Education is about meeting children's learning and developmental needs: these are determined by the nature of the child and the environment in which they live. Rather than trying to cram in some curriculum that is designed for schools, ask what is it that you want your child to be able to do at age 18, what is it she wants to be able to do by then, what will she need to be able to do, and what kind of person do you want her to be and more importantly, what kind of person does she want to be? These are your guiding questions in working out what to learn, when and how.
When we personalise education we help our children take ownership of and responsibility for their learning: it is something they do because they need to grow and want to be become adults rather than something that happens passively to them because other people think it is a good idea.
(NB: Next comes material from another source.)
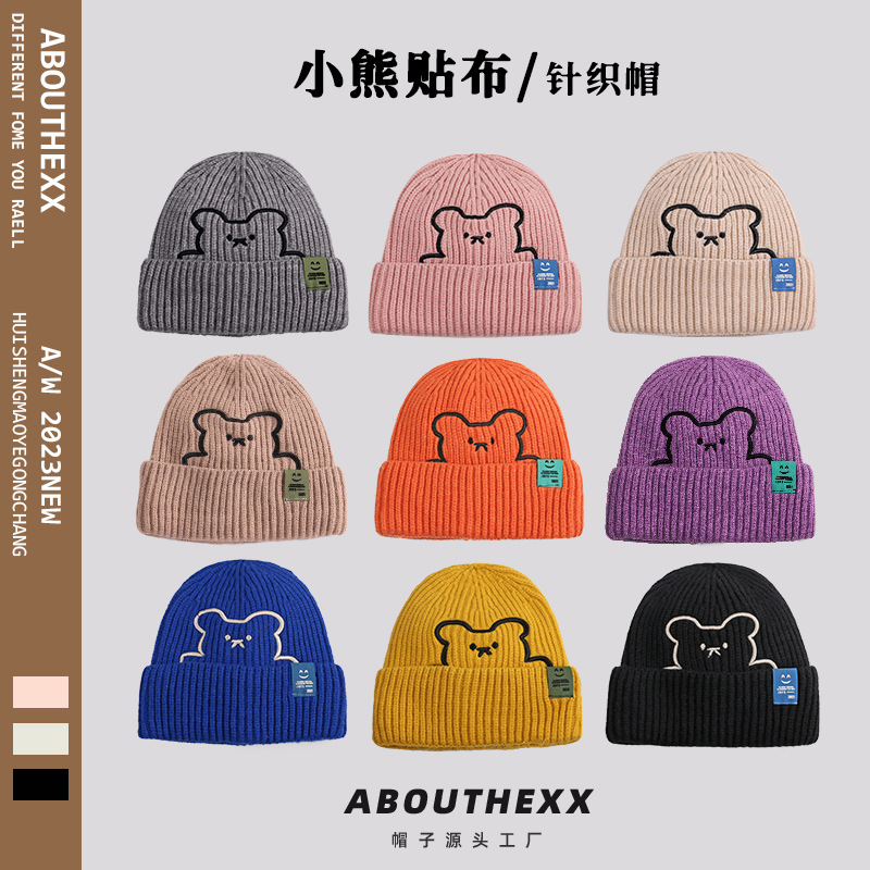帽子の女性は秋冬にかわいいベアー刺繍毛糸帽を合わせて耳を保護します。

When we become fully engaged in one topic or area of life we naturally use, build and reinforce skills and knowledge from other areas to support our learning.
Say, for example, for a 15 year old decides to spend months pulling apart and repairing or rebuilding a car, learning about road safety, rules, working safely, purchasing parts, working with others, researching information on forums and the internet, fixing dents, respraying, etc. Some would say this is a hobby or an interest. I'd call it a curriculum - describe it as a course. It is possible to write this up as a course coordinator for TAFE or Year 12 would present it - a six month course in Automobile Repair and Servicing. Bullet point some of the main skills covered: 'communicating with peers and experts in a variety of ways to obtain, share, formulate and discuss ideas, experience, results using written and oral media', etc. (Basically asking the guy over the counter some questions, sending emails, replying to forums, chatting with like-minded friends, etc!)
We're home educators and we're carving a new path in education experience (actually a very old one!). And, at the moment and hopefully for the foreseeable future, we're able to it in whichever way we want. We have the ability to show them that the nature of home education is different from school and that although it achieves the same outcomes and covers the same ground as required by the school curriculum it does it can do it vastly different ways - many of them more akin to how adults learn in tertiary education than how children learn in classrooms.
Such examples of recording confidently and assertively presented in our applications and reviews educate those making and applying the rules just how innovative and superior home education is compared to what is happening in classrooms. Eventually, gradually we will collectively begin to make a difference.